Илья Саввич хорошо помнил представления небольшого любительского кружка в Ярославле лет двадцать назад.
Душой кружка был Федор Волков, его ближайшим помощником - Иван Нарыков, а участниками - купеческие сыновья, молодые приказные да семинаристы.
Благовещенский рассказал, как талантливых ярославских любителей, по приказу царицы Елизаветы Петровны, привезли в Петербург, отдали учиться в кадетский корпус, а по окончании учебы приняли артистами на придворную сцену. Так возник первый русский театр; до тех же пор в обеих российских столицах играли только иностранные труппы: немецкие, французские, итальянские.
- Поглядеть бы на него, - вздохнул Герасим, - на артиста, господина Волкова!
- Нет его больше в живых, Гарася! - молвил сокрушенно Илья Саввич. - Умер Федор Григорьевич, царство ему небесное! Уже четыре года минуло с его кончины, однако скорблю о нем, словно вчера это случилось, и нет дня, чтобы не поминал его. Редкий был человек: таланта необыкновенного и добрейшей души. Но, слава богу, нашелся у него достойный преемник…
И учитель с благоговением назвал имя Ивана Афанасьевича Нарыкова, принявшего сценическую фамилию Дмитревский…
Так они коротали зимние вечера вдвоем у жарко натопленной печки.
Когда Илья Саввич утомлялся, наступал черед юного музыканта. Герасим брал домру и под тихий рокот струн пел учителю его любимые русские песни.
Благовещенский, съездив в Москву, привез оттуда своему питомцу новый заморский инструмент - гитару. Герасиму понравился ее приятный, певучий звук. Скоро он стал играть на гитаре не хуже, чем на домре.

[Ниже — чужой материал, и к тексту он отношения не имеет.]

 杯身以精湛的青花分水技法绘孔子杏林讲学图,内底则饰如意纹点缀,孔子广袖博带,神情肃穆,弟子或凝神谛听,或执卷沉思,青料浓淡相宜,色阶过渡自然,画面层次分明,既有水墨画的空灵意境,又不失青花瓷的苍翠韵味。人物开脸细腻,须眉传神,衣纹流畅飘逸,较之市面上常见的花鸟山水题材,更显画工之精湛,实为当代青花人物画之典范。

- Щедро одарила тебя природа, - сказал как-то Илья Саввич, - да вот беда: учиться не у кого! А что таланты твои без учения? Только и радости, что странствовать по градам и весям да забавлять пьяный люд на ярмарках.
- Что же в том худого? - возразил Герасим. - Людям приятно - и самому интерес: разные земли повидать, разных людей…

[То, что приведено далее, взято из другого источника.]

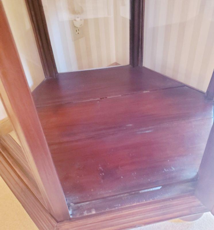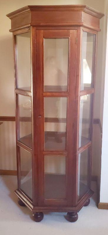 This beautiful cabinet is such a fantastic piece! Non-lighted HEXAGON SHAPE! THIS IS A MUST HAVE! KEY INCLUDED TO LOCK

- Нет, брат! - сердито оборвал его учитель. - Есть на свете иное искусство, музами вдохновляемое… Помнишь, что я говорил тебе?
- Как же! - воскликнул мальчик и бойко, словно отвечая заданный урок, затараторил: - Музы суть божества древнегреческие, кои искусствам и наукам попечение оказывают. Числом - девять: Эвтерпа - покровительница музыки, Мельпомена - трагедии, Талия - комедии, Терпсихора - пляски…
- Ну вот! - остановил его учитель. - Мечтаю, чтобы и ты стал достойным питомцем муз. Но для этого нужно еще многое, чего я дать тебе не в силах…
Однажды, придя, по обыкновению, к Илье Саввичу, мальчик застал его необычно взволнованным. Учитель торжественно объявил, что получено известие о скором приезде в Ярославль Ивана Афанасьевича Дмитревского.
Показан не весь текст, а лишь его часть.